• Data excerpts:

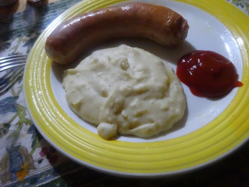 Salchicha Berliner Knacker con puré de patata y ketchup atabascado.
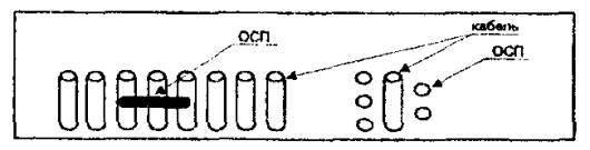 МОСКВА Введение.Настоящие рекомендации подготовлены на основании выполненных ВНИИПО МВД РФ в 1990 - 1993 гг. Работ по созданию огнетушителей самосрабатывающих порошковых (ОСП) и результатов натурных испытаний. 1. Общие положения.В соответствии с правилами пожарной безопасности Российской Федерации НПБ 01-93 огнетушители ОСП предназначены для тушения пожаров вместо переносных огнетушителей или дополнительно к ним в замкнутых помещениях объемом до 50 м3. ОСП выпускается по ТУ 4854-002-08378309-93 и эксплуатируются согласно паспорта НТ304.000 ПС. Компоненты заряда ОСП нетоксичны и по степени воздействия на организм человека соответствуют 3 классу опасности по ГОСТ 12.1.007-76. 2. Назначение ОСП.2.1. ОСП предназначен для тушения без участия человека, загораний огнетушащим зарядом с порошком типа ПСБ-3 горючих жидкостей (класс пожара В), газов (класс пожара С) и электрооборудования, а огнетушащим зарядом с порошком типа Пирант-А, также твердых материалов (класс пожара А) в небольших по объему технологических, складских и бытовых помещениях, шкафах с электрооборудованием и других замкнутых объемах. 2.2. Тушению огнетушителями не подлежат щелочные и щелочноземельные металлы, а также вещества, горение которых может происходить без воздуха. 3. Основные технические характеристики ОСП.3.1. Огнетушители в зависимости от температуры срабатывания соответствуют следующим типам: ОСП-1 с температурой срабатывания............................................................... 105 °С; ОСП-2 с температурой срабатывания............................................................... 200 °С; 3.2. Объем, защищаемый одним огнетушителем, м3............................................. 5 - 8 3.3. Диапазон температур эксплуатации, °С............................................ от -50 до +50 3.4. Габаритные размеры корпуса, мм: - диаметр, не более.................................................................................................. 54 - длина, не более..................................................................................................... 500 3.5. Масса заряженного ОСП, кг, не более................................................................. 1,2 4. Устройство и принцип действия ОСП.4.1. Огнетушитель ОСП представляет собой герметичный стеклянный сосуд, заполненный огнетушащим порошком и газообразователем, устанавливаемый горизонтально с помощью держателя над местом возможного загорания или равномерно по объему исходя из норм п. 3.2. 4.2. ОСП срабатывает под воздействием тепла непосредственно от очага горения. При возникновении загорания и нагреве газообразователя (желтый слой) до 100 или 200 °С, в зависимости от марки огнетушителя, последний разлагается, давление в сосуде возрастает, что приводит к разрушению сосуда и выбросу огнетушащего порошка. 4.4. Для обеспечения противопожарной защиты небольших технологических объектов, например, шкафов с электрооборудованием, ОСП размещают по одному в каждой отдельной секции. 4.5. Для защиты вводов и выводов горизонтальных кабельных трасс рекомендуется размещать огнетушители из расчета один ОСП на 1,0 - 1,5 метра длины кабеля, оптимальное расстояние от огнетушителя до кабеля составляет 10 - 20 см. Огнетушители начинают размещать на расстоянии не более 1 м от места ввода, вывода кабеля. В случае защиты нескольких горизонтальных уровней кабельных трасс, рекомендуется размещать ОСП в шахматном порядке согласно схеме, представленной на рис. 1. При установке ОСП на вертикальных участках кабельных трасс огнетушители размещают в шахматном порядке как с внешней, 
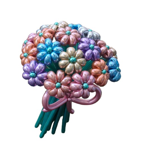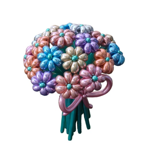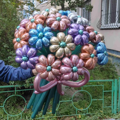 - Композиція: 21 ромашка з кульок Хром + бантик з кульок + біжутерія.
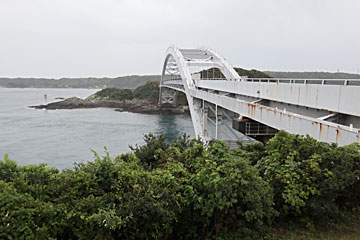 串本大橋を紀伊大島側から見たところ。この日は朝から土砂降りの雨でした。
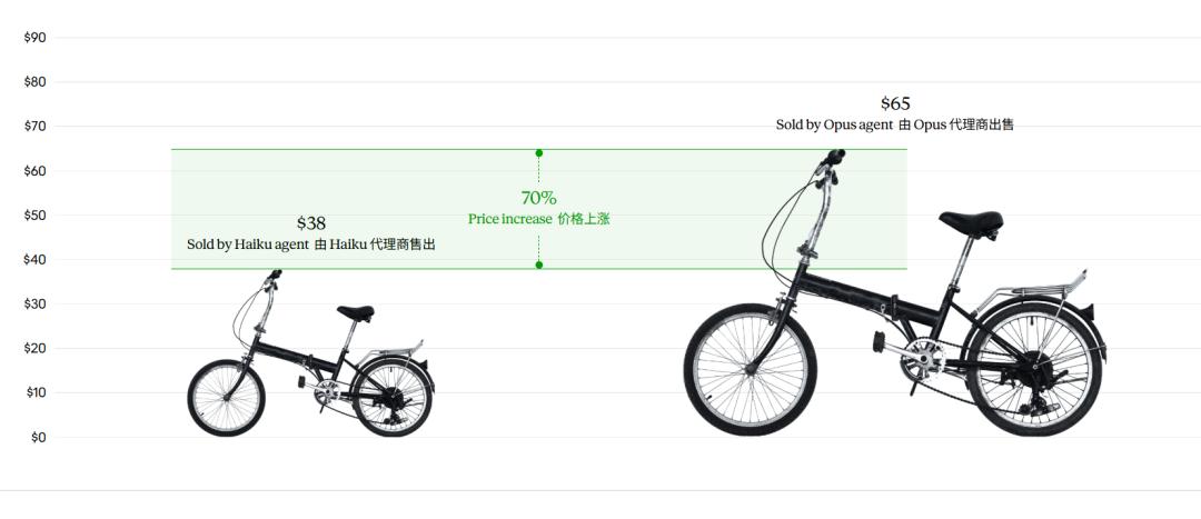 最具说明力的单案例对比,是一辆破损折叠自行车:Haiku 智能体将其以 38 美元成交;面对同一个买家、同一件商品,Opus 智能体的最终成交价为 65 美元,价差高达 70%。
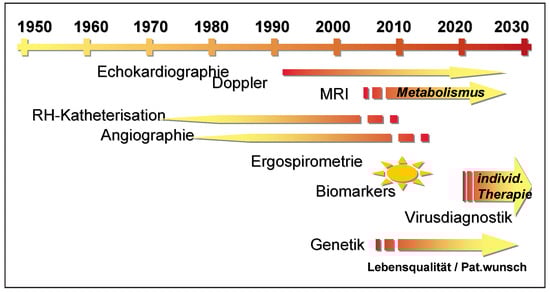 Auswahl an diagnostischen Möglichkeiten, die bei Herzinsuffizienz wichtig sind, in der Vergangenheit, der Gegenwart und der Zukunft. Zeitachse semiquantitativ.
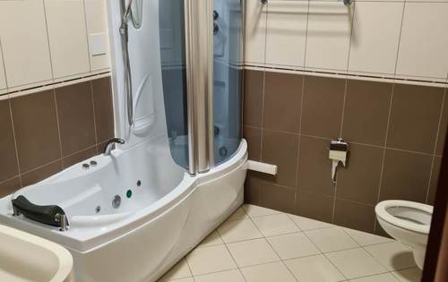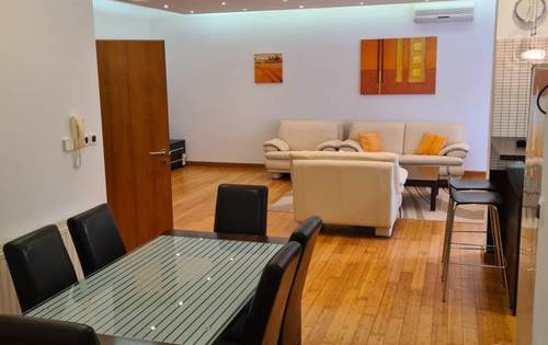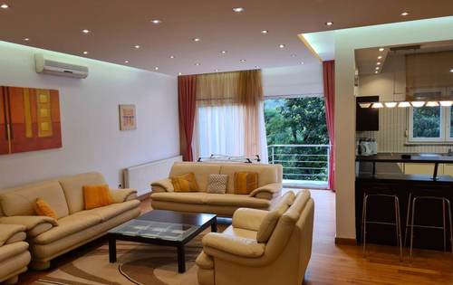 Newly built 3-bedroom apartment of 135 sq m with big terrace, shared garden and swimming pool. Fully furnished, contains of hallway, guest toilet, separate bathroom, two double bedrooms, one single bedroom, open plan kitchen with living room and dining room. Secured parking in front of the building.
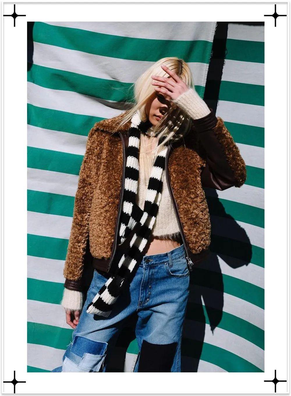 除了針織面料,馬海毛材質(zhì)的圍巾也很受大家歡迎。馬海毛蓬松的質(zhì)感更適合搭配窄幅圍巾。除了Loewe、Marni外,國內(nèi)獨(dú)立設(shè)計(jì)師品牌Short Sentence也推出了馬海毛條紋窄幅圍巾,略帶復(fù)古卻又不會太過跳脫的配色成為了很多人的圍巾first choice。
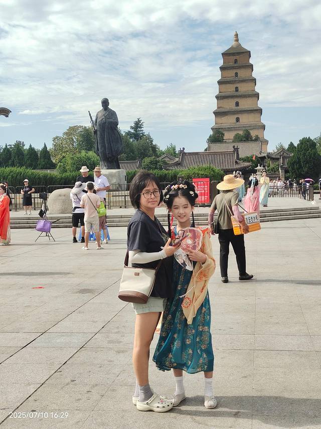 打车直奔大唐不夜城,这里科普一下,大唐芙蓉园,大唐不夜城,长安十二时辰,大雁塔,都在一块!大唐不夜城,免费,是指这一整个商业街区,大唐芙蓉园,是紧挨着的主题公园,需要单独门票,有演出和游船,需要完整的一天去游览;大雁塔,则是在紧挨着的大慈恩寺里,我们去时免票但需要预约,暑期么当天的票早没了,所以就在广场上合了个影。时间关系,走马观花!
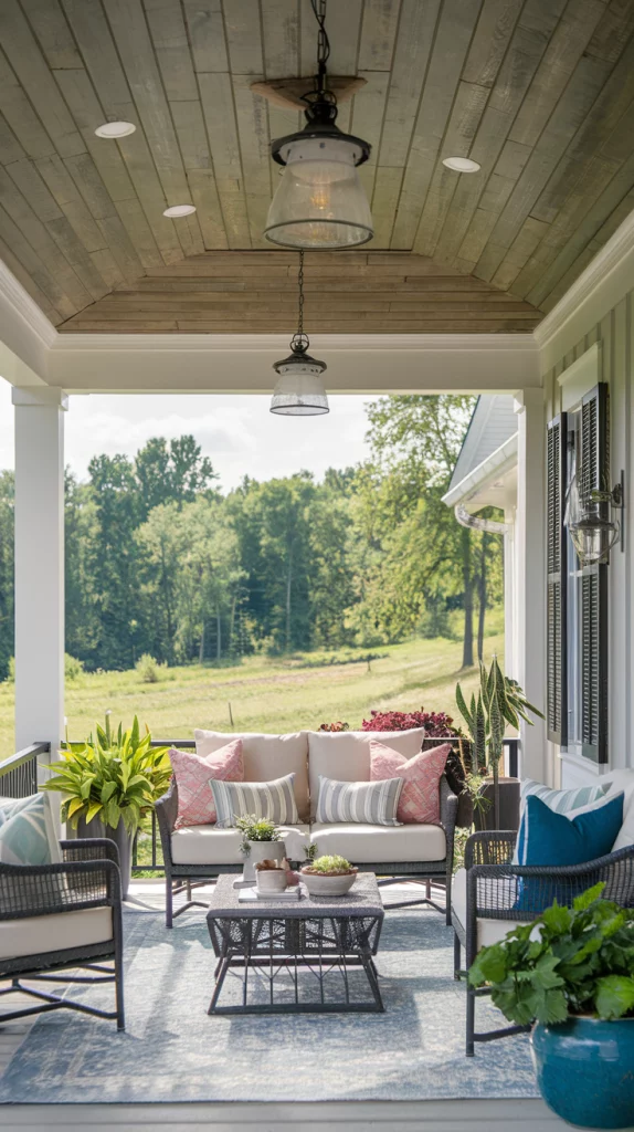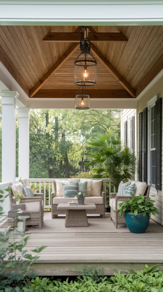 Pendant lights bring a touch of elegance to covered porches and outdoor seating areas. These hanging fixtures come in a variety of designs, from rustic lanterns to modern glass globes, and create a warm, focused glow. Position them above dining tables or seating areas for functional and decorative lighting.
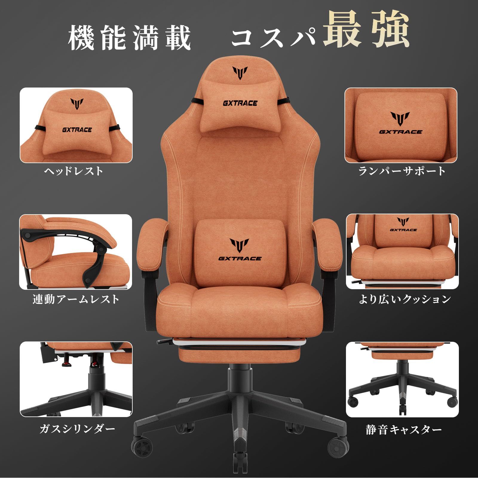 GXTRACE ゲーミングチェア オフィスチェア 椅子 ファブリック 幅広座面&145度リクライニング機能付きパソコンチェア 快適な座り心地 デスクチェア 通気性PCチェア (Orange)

• Task description: Everything from the line containing "Pendant lights bring" to the last line of the records above should be reproduced exactly, except the pictures.

• Exercise response:
 Pendant lights bring a touch of elegance to covered porches and outdoor seating areas. These hanging fixtures come in a variety of designs, from rustic lanterns to modern glass globes, and create a warm, focused glow. Position them above dining tables or seating areas for functional and decorative lighting.
 GXTRACE ゲーミングチェア オフィスチェア 椅子 ファブリック 幅広座面&145度リクライニング機能付きパソコンチェア 快適な座り心地 デスクチェア 通気性PCチェア (Orange)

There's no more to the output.